» Given entries:

=== Begin Enclosure ===

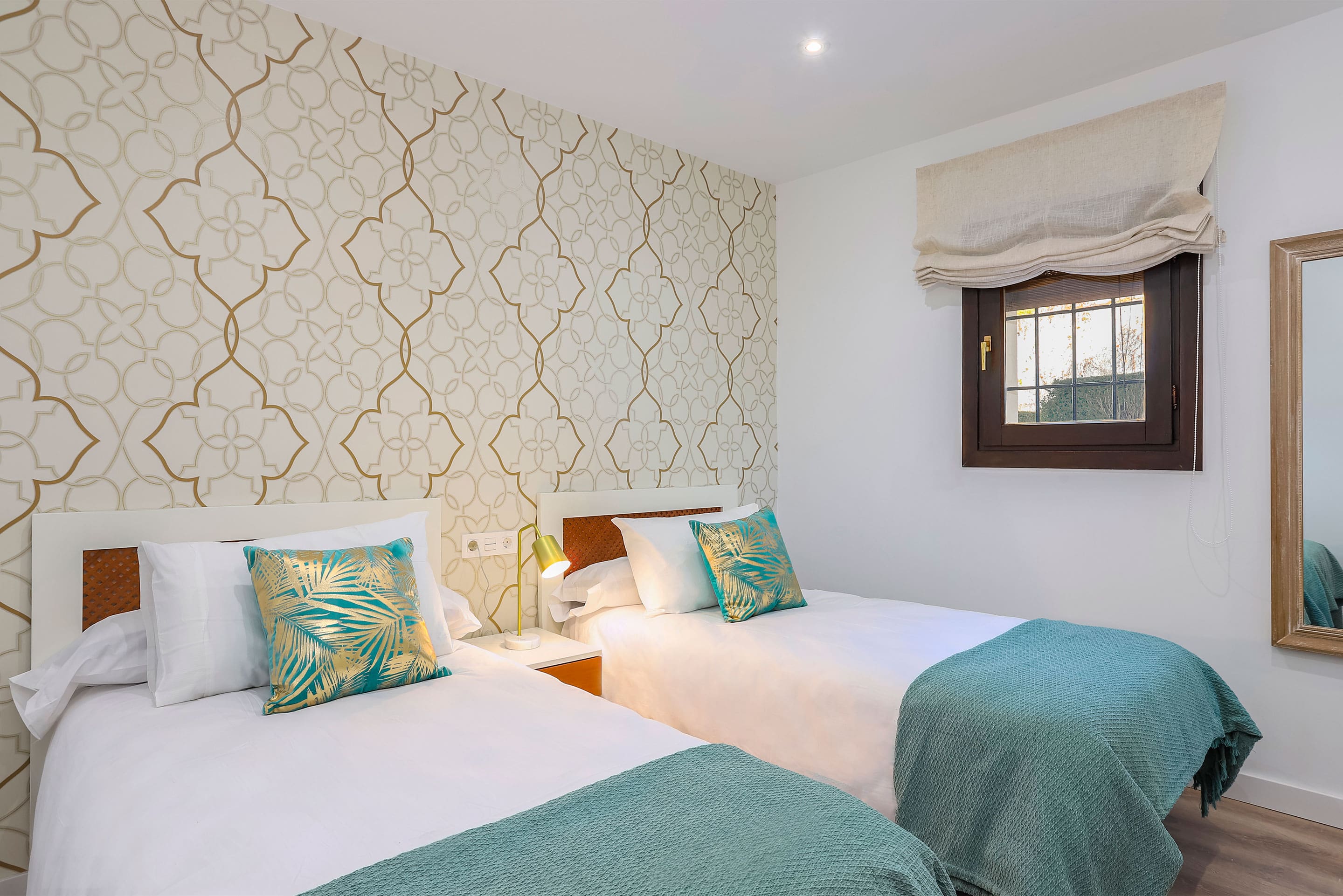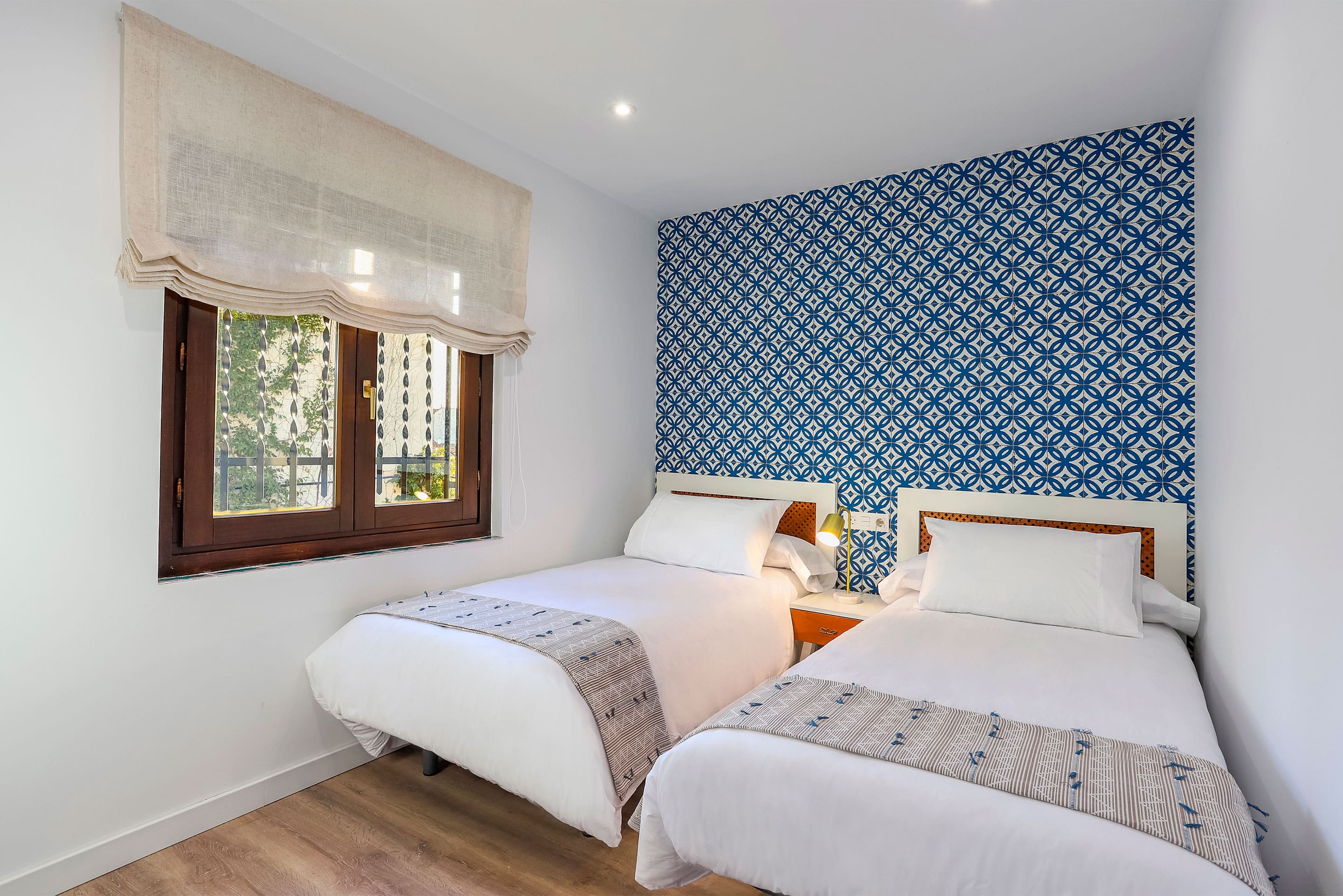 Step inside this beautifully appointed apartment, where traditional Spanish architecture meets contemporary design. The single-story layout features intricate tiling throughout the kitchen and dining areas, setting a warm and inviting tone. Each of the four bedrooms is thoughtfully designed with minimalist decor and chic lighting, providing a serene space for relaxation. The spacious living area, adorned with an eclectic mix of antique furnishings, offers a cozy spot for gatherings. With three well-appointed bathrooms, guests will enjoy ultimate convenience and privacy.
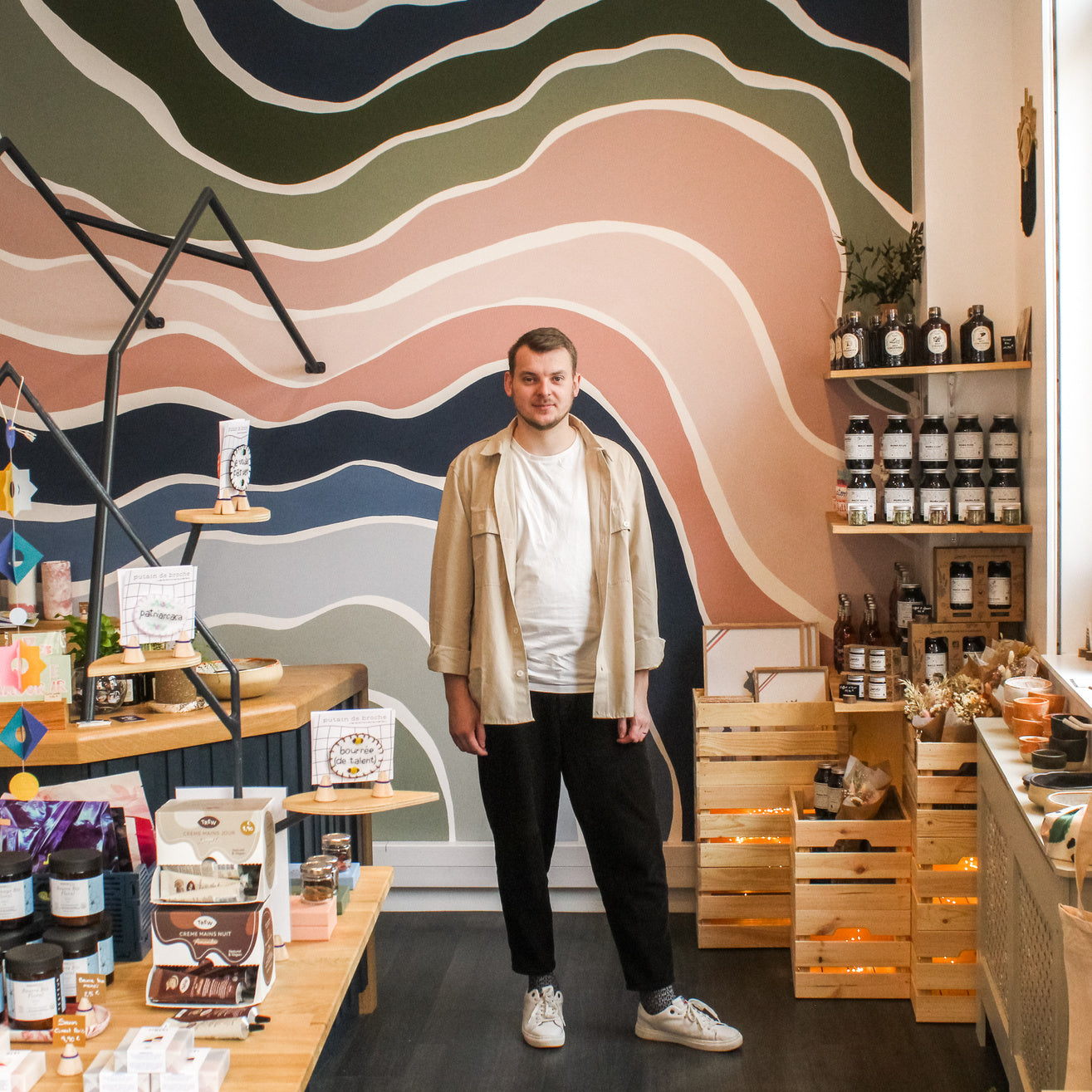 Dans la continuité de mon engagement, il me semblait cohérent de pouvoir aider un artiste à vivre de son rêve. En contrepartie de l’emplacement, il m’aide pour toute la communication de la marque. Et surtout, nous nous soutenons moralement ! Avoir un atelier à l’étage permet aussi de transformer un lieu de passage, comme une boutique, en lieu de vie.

=== End Enclosure ===
=== Begin Enclosure ===

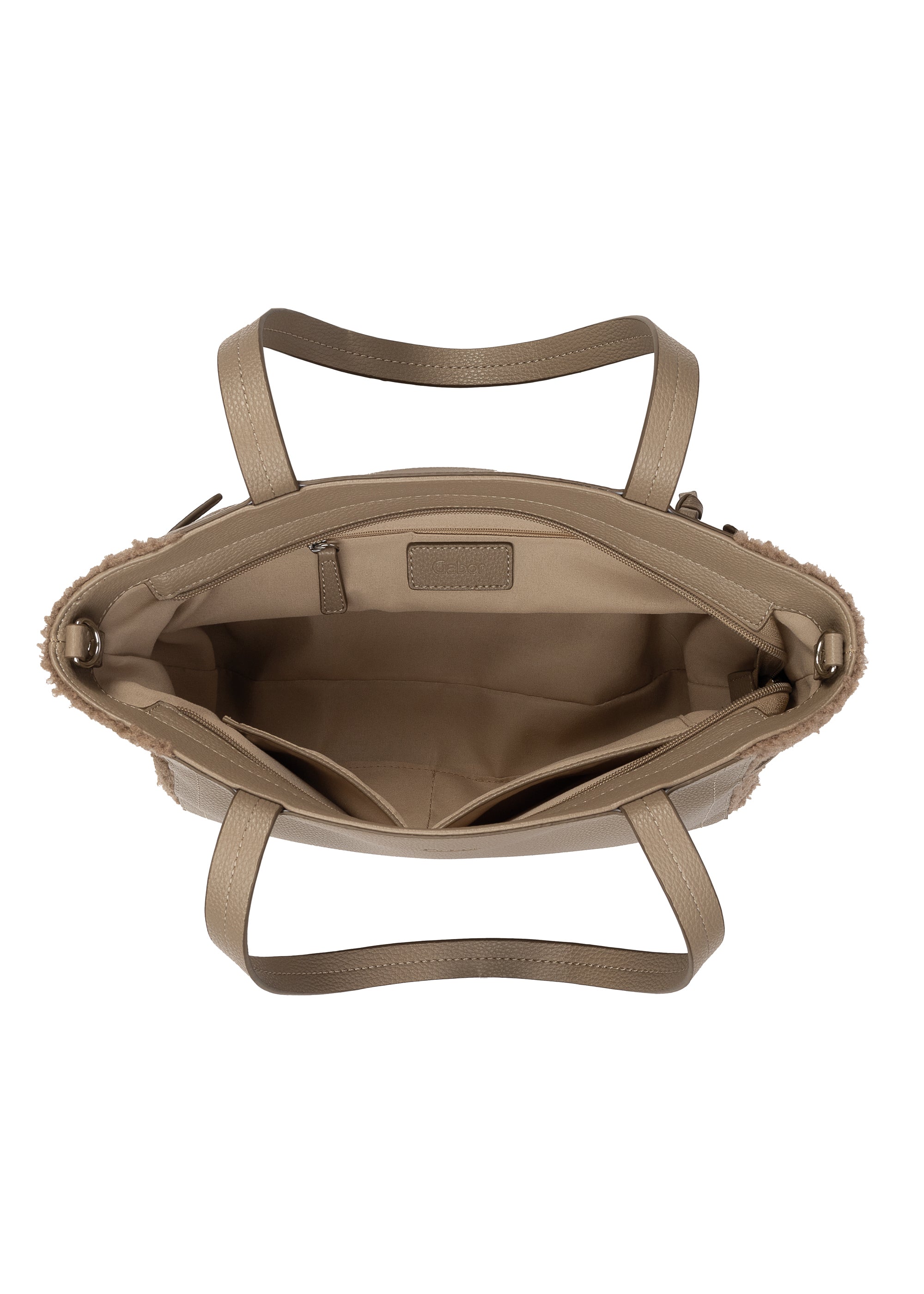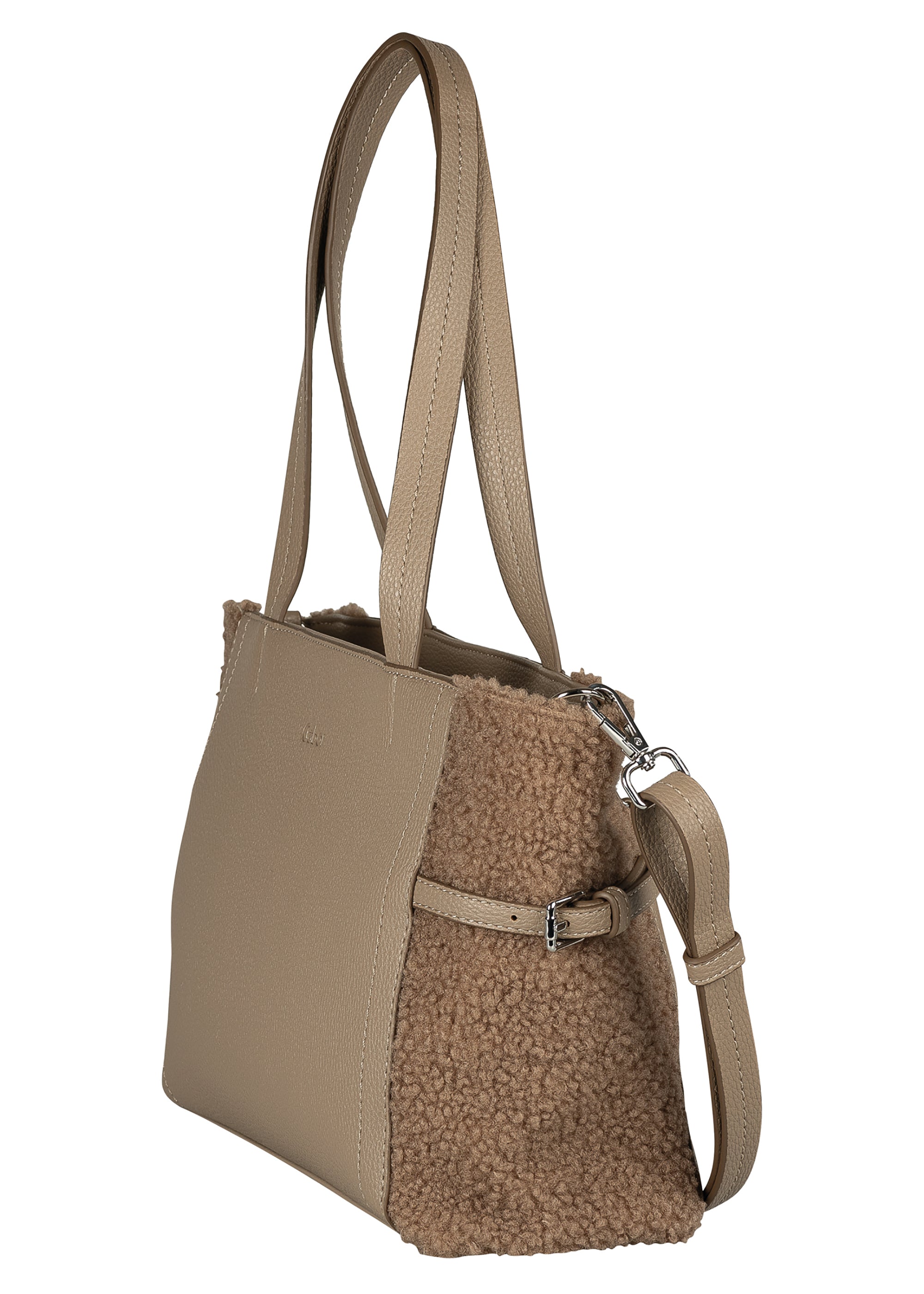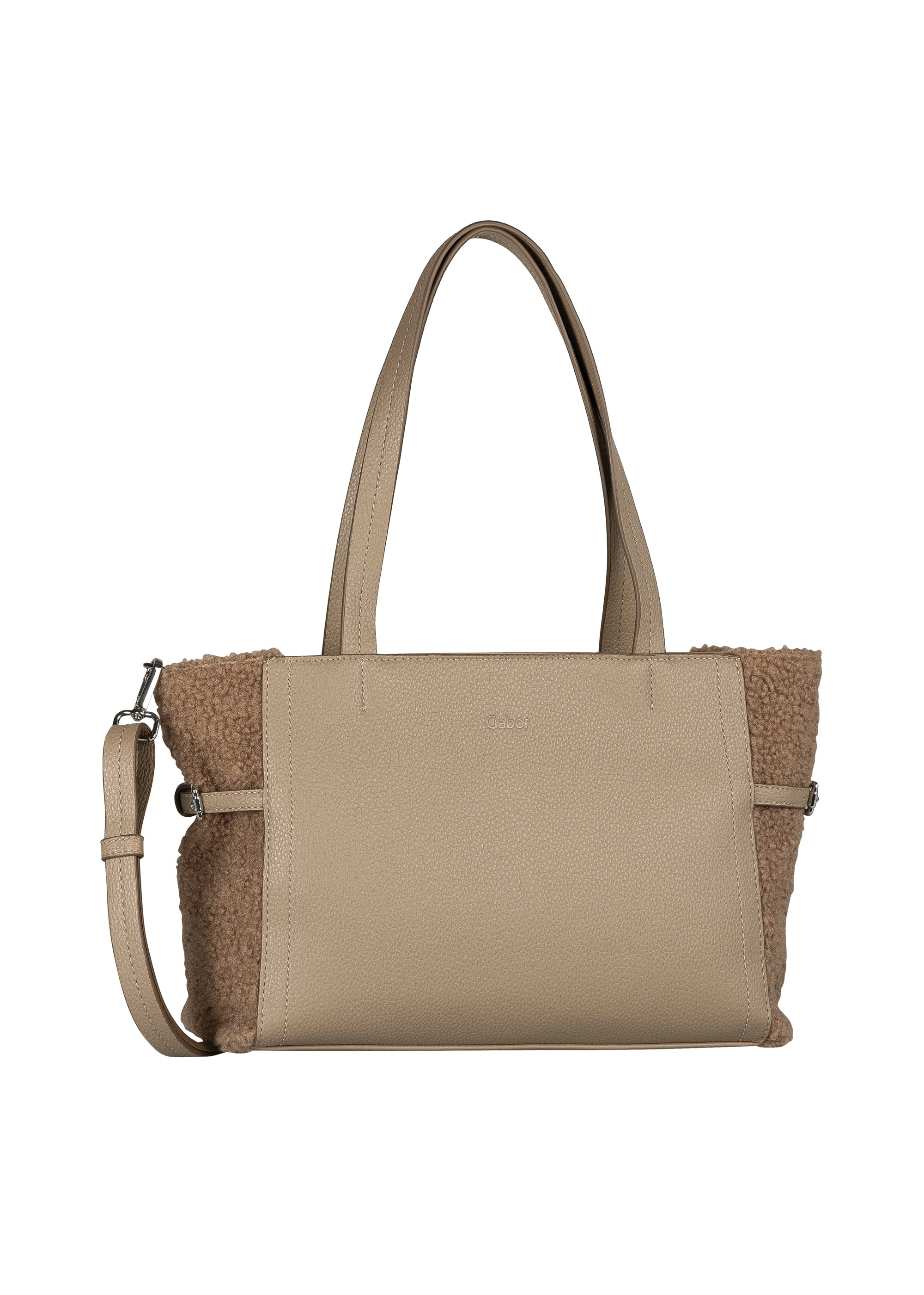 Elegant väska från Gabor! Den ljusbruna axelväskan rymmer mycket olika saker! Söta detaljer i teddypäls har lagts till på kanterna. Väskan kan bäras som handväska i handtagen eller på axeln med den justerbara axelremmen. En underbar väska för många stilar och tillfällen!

=== End Enclosure ===
=== Begin Enclosure ===

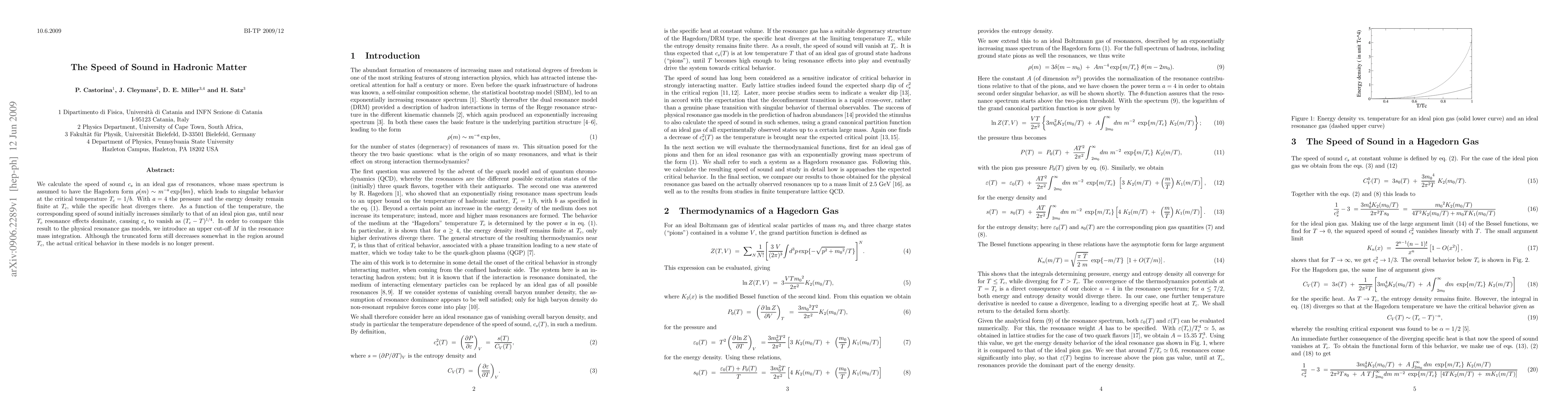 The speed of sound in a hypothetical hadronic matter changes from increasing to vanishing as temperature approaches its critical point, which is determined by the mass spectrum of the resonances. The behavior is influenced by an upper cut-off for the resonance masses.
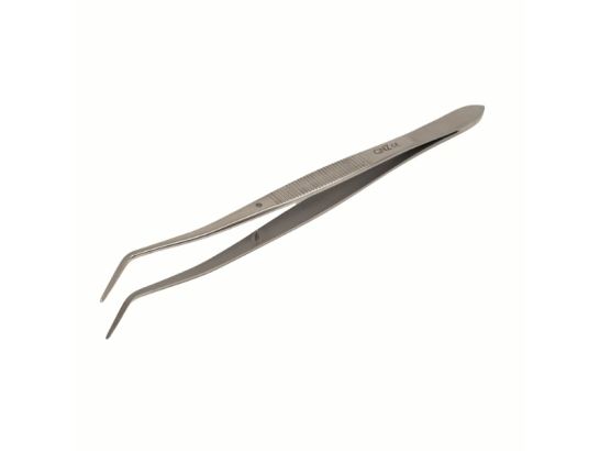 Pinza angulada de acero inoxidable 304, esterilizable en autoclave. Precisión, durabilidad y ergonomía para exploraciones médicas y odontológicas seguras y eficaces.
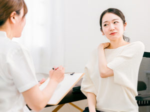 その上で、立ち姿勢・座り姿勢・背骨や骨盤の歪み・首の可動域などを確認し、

=== End Enclosure ===

» About this exercise: Pictures excluded, reproduce only the part above that opens with the line holding "The speed of" and closes with the line holding "その上で、立ち姿勢・座り姿勢・背骨や骨盤の歪み・首の可動域などを確認し、", exactly as written.

» Output of the task:
 The speed of sound in a hypothetical hadronic matter changes from increasing to vanishing as temperature approaches its critical point, which is determined by the mass spectrum of the resonances. The behavior is influenced by an upper cut-off for the resonance masses.
 Pinza angulada de acero inoxidable 304, esterilizable en autoclave. Precisión, durabilidad y ergonomía para exploraciones médicas y odontológicas seguras y eficaces.
 その上で、立ち姿勢・座り姿勢・背骨や骨盤の歪み・首の可動域などを確認し、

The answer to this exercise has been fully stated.